◆ About this exercise ◆
Look below for the line that has "Wielgo zwraca uwagę, że". Set down the lines from there through the line that has "Fixed Broadband penetration", exactly as written.

◆ Data listing ◆
--------

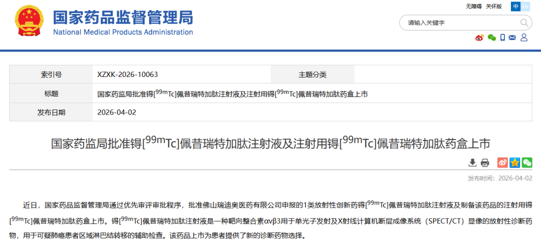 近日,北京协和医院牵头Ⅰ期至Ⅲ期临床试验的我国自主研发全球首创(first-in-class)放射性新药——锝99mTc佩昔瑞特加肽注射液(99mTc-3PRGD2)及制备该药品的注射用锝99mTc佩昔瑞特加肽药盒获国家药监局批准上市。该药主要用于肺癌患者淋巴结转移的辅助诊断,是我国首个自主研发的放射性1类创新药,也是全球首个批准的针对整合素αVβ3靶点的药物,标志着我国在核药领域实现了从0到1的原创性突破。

--------

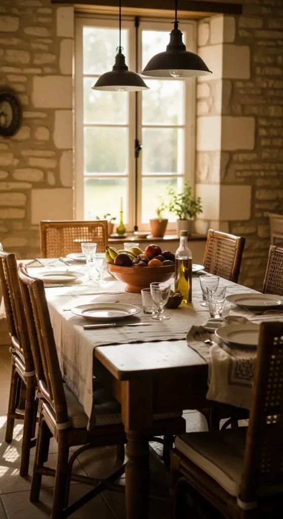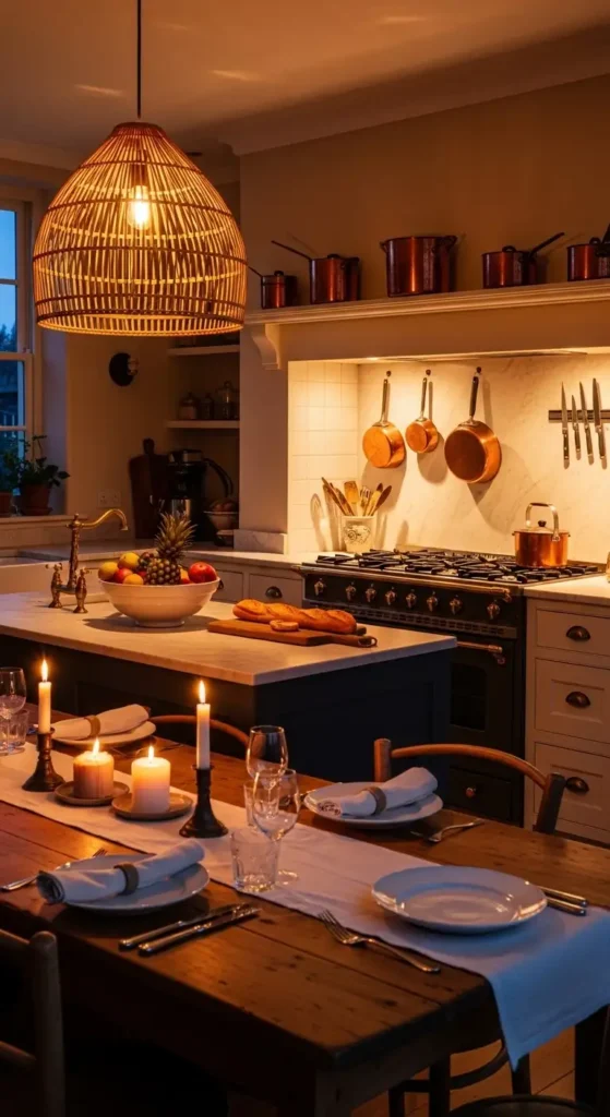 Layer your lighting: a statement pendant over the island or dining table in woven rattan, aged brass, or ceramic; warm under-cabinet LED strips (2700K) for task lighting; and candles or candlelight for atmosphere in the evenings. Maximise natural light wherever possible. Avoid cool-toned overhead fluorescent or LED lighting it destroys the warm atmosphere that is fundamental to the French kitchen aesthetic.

--------

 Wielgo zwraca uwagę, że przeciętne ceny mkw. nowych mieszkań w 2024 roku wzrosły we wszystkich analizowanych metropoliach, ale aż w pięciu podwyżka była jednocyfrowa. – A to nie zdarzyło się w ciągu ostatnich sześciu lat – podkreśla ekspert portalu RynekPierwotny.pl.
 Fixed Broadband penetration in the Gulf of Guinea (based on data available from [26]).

--------

◆ Response for this exercise ◆
 Wielgo zwraca uwagę, że przeciętne ceny mkw. nowych mieszkań w 2024 roku wzrosły we wszystkich analizowanych metropoliach, ale aż w pięciu podwyżka była jednocyfrowa. – A to nie zdarzyło się w ciągu ostatnich sześciu lat – podkreśla ekspert portalu RynekPierwotny.pl.
 Fixed Broadband penetration in the Gulf of Guinea (based on data available from [26]).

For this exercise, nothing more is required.